I'm not saying I wholeheartedly believe the WTC 7 conspiracy, but history gives credence to many conspiracy theories in general, IMO. Seems to me that given enough time, people speak, documents get 'leaked', and 50-100 years later we have more of a full story on what actually happened than government reports would have lead us to believe.


----------



## guytoronto (Jun 25, 2005)

Sun Dog said:


> I don't understand why conspiracy theorists are dismissed so easily given the sheer number of conspiracies in human history.


Please, enlighten us. Show us any conspiracy on a level anywhere near as large as the supposed "9/11 conspiracy".


----------



## capitalK (Oct 21, 2003)

guytoronto said:


> Please, enlighten us. Show us any conspiracy on a level anywhere near as large as the supposed "9/11 conspiracy".


JFK?

Man Landing on the Moon? (already mentioned)

Roswell?


----------



## MACSPECTRUM (Oct 31, 2002)

capitalK said:


> JFK?
> 
> Man Landing on the Moon? (already mentioned)
> 
> Roswell?



but none as evil as 9/11
going on 1/2 trillion dollars to invade a country that had nothing to do with 9/11 and over 3,000 u.s. military and tens of thousands of iraqi lives

all to make money for those involved in the u.s. war machine

actually JFK was probably killed for the same reason
making money for the war machine


----------



## guytoronto (Jun 25, 2005)

capitalK said:


> JFK?


Would have required only a handful of men. A couple with rifles to take out JFK, and a couple more to frame Oswald.



capitalK said:


> Man Landing on the Moon? (already mentioned)


The conspiracy theories have been proven wrong again and again.



capitalK said:


> Roswell?


Again, only a handful of men would be required to "cover up" the evidence (if there actually was any).

The JFK and Roswell conspiracies are nowhere on the level of what people claim the 9/11 conspiracies are.


----------



## Max (Sep 26, 2002)

I'd tell you what I know about the 911 conspiracy but if I did 'you know who' would disappear me.


----------



## An Old Soul (Apr 24, 2006)

"Anyone with a brain who actually watches that video will notice there is NO time reference by the BBC."

You must be without one, for failing to notice that the time count is irrelevant given the fact that they HAD already announced it's collapse while the female reporter later stands there talking about it while it's visible that the building is still standing.


----------



## Beej (Sep 10, 2005)

http://debunking911.com/pull.htm

Link to other links:
http://debunking911.com/links.htm


----------



## Snapple Quaffer (Sep 2, 2003)

The killer question for me is: 

"Do you really think that the US Authorities have the ability, the competence, to plan and carry out any part of the happenings of the 9th September 2001?"

They have shown their true levels of ability and competence in Iraq and Afghanistan subsequently. Demolition and destruction are certainly their forte, but ability and planning? 

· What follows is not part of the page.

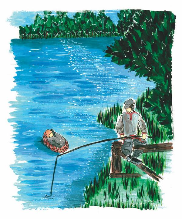 В это время на мостках сидел рыбак, ловил для Купца рыбу. Видит: корзинка плывёт по реке. Выловил он корзинку, смотрит, а там младенец! Принёс он домой корзину с ребёнком, показал жене.
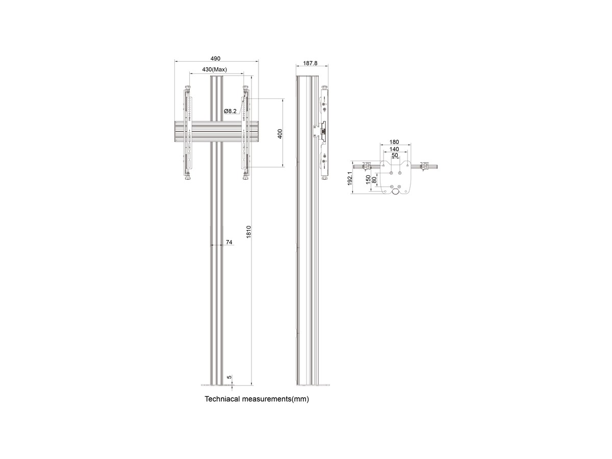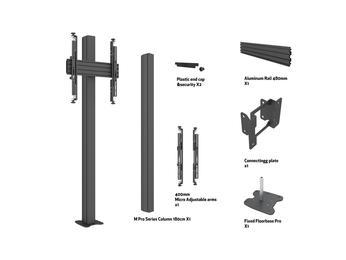 Product code:M Floormount Column Pro MBFC1U 180 Micro Adjustable - Floor column mount for LCD display, steel, 1.8m height, 1 screen, single side, micro adjustable arms, VESA Max 400x400 - screen size: 32"-65" - black

No conspiracy. It's very simple. The events of 9th September 2001 were planned and carried out by 19 young men, organised by a man hiding in a cave in Afghanistan. Official.

Edit: Anyone who doubts that hates America and is a terrorist sympathiser.


----------



## guytoronto (Jun 25, 2005)

Snapple Quaffer said:


> "Do you really think that the US Authorities have the ability, the competence, to plan and carry out any part of the happenings of the 9th September 2001?"


The amount of planning, the number of people involved, everything required to cover of a "conspiracy" of this level would be enormous. Totally impossible to hide all evidence of it.


----------



## Snapple Quaffer (Sep 2, 2003)

guytoronto said:


> Totally impossible to hide all evidence of it.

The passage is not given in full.